Higher TC or LDL-C levels are well-known risk factors for cardiovascular disease and mortality,⁴¹ but the effect was lessened in older people, especially after adjustment for potential confounding factors.^42,43 In particular, low TC levels eventually increased overall mortality in the oldest old.⁴⁴ In this study, the LDL-C level was not associated with frailty after adjustment for age whereas higher TC levels were associated with a lower likelihood for frailty. Though TC levels lower than 160 mg/dL have been considered a marker of malnutrition, the effect was only lessened slightly after adjustment for MNA score. The results also echoed the debate of statin use in the older people, whereas current evidence did not support routine use of statins for those who were over 75 without clinical atherosclerotic cardiovascular disease.¹⁹ It is possible that frailty and functional status played a mediator role between low TC levels and higher overall mortality in older people.⁴⁵

Among the cardiometabolic factors evaluated in this study, HOMA-IR was significantly associated with pre-frailty and frailty, suggesting the close relationship of insulin resistance in the pathophysiology of frailty, and was compatible with the previous report.⁴⁶ We further demonstrated the effect was only slightly attenuated after adjustment for skeletal muscle mass, although low muscle mass and myokines have been regarded to be associated with impaired insulin sensitivity.^47,48 It has been proposed that the correlation between insulin resistance and frailty was only seen in centrally obese participants⁴⁹ and hyperglycemia increased risk of dementia in non-DM and DM patients.⁵⁰ However, the association of insulin resistance and frailty status in this study remained unchanged after adjustment for abdominal circumference and MMSE. Therefore, results of this study suggested that HOMA-IR was associated with frailty independent of body composition and cognitive function.
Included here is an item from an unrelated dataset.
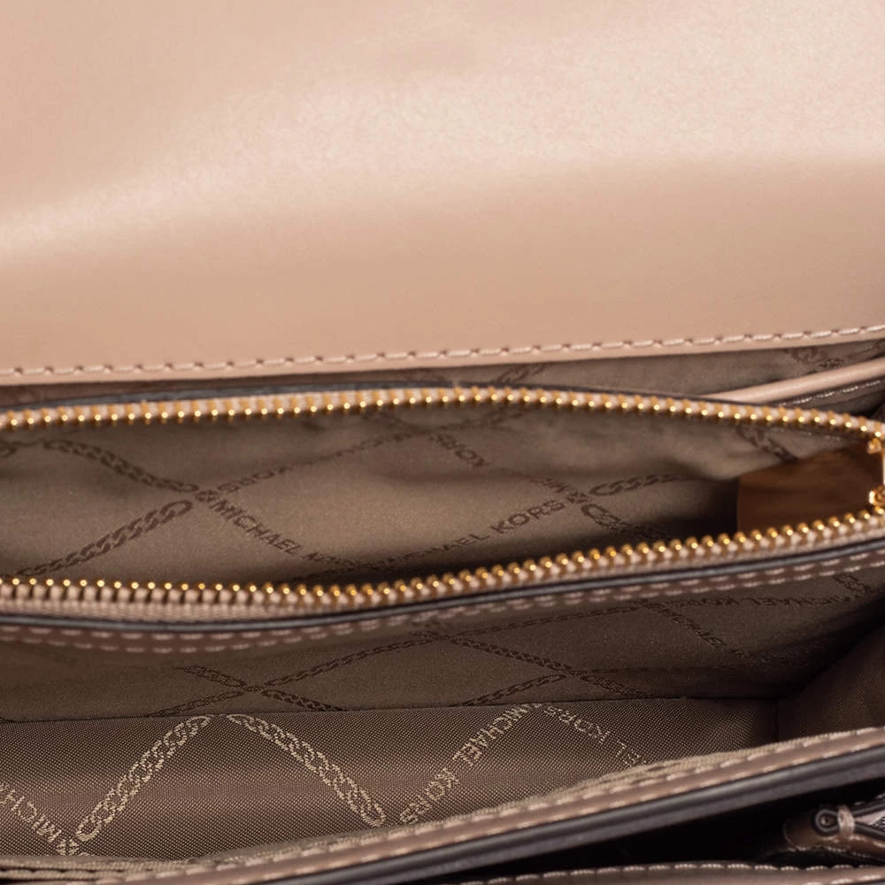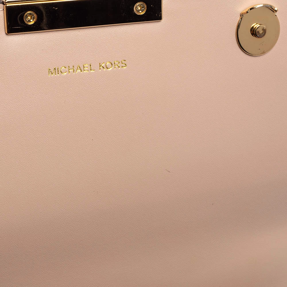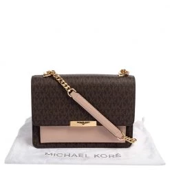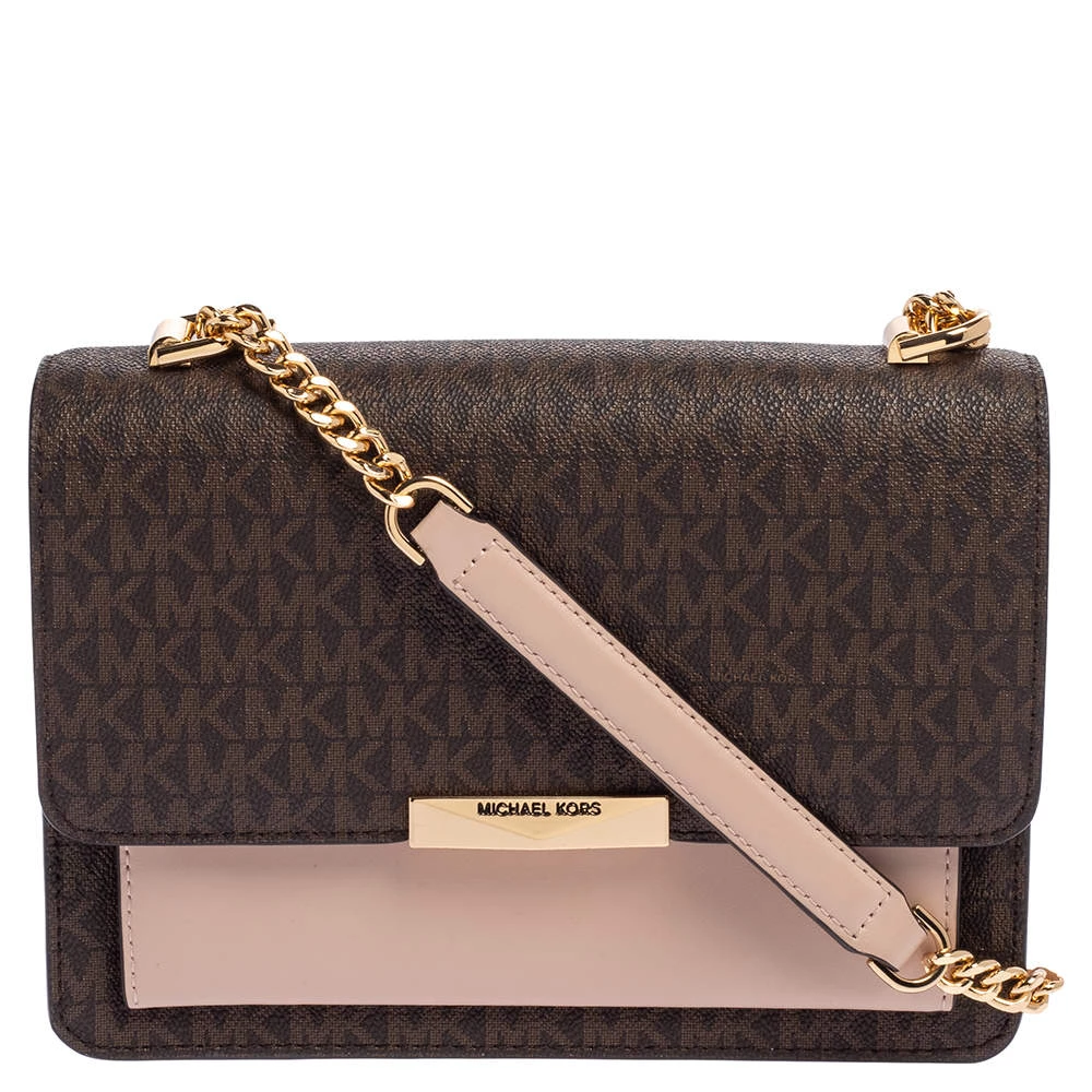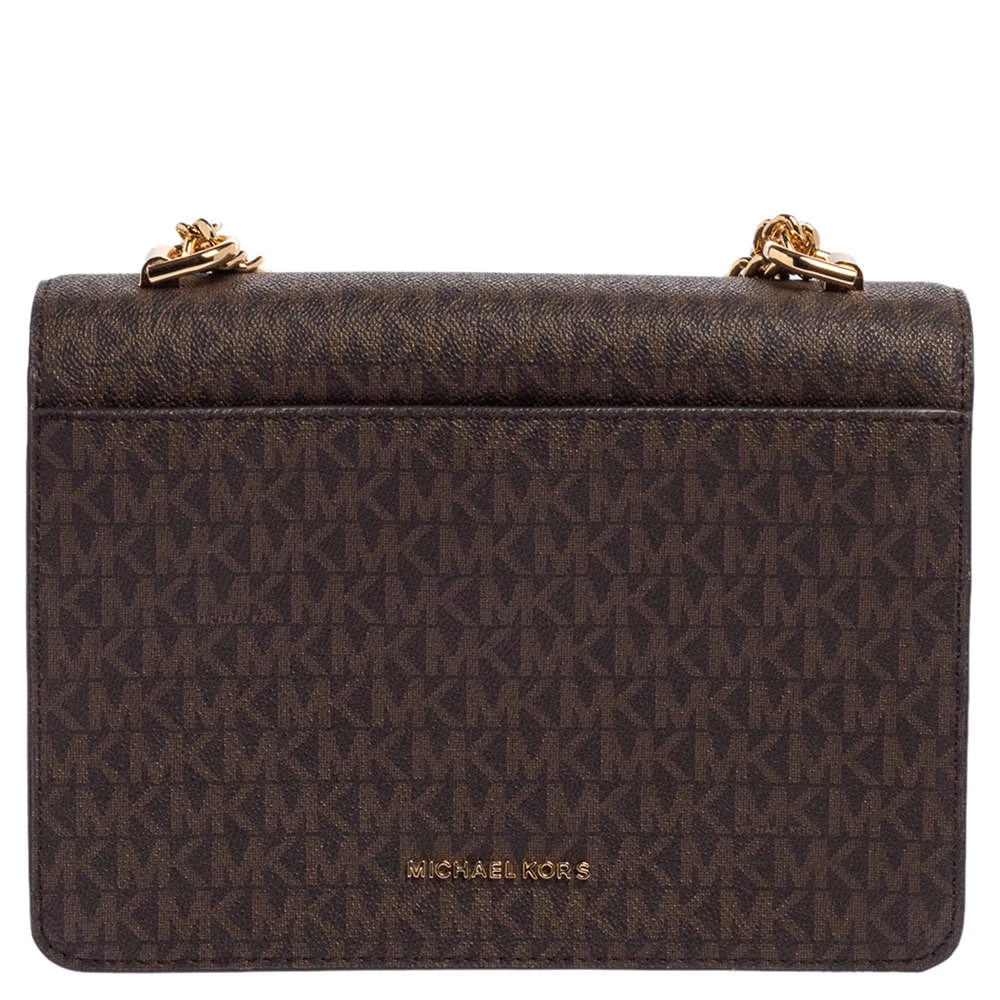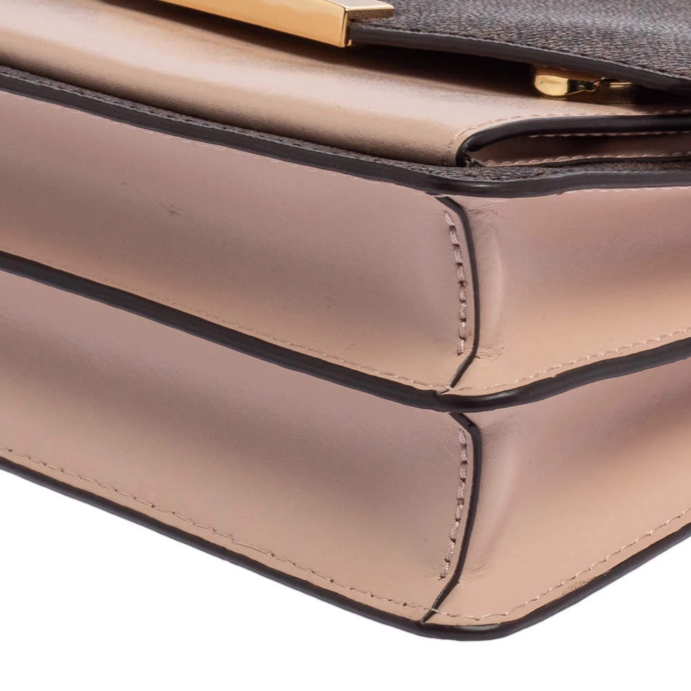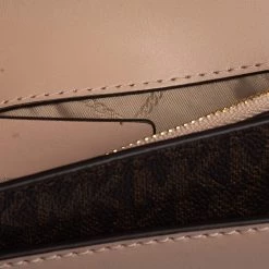 Elevate your style with this gorgeous shoulder bag by Michael Kors. Crafted from monogram coated canvas and leather, the bag features the brand detail on the front, shoulder chain link, and a nylon-lined interior. It is sturdy, compact, and stylish.

Inflammatory markers have been reported to be closely associated with cardiovascular aging⁵¹ and frailty.^52
–54 The association between higher hsCRP and frailty in this study was even stronger after adjusting for cognitive status, nutrition, depressive symptoms, and multi-morbidities. However, homocysteine, a postulated risk factor for cardiovascular disease,⁵⁵ was not correlated with frailty. Notably, high hsCRP was significantly associated with frailty but not pre-frailty, which implied the inflammation was more significantly increased from pre-frailty to frailty comparing to robust to pre-frailty. The relationship between insulin resistance, inflammation, and abdominal obesity with frailty were still significant after adjustment for other cardiometabolic markers, implying that the relationship between these factors and frailty were independent of each other rather than a single biological phenomenon.

Despite all the efforts that went into the study, there were several limitations. First, the study has a cross-sectional design, so no causal relationship can be established. Second, the participants from our community cohort were younger, relatively physically active, and had a lower prevalence of cardiovascular disease compared to other studies,^22,46 which may underestimate the effect on frailty. Third, the diagnosis of medical history was based on self-report plus related medication instead of medical record review; nevertheless, it has been validated in collecting medical diagnosis in previous work.⁵⁶

In conclusion, we clarified that most cardiometabolic and hormonal parameters were not associated with frailty after adjustment of age. Abdominal obesity, insulin resistance, and inflammation were still highly correlated with degree of frailty, and the effect was independent of functional measurement and decline of skeletal muscle mass. An integrated approach targeting cardiometabolic aging and development of frailty is of great importance in clinical practice.

Footnotes

Acknowledgments

We express our gratitude to the staff in Center for Geriatrics and Gerontology of Taipei Veterans General Hospital and Department of Family Medicine of Taipei Veterans General Hospital Yuanshan Branch and to all the participants for their assistance. This study was supported by the Aging and Health Research Center, National Yang Ming University; Center for Geriatrics and Gerontology, Taipei Veterans General Hospital; as well as the Ministry of Science and Technology of Taiwan (MOST 103-2633-B-400-002; and MOST 101-2314-B-010-008).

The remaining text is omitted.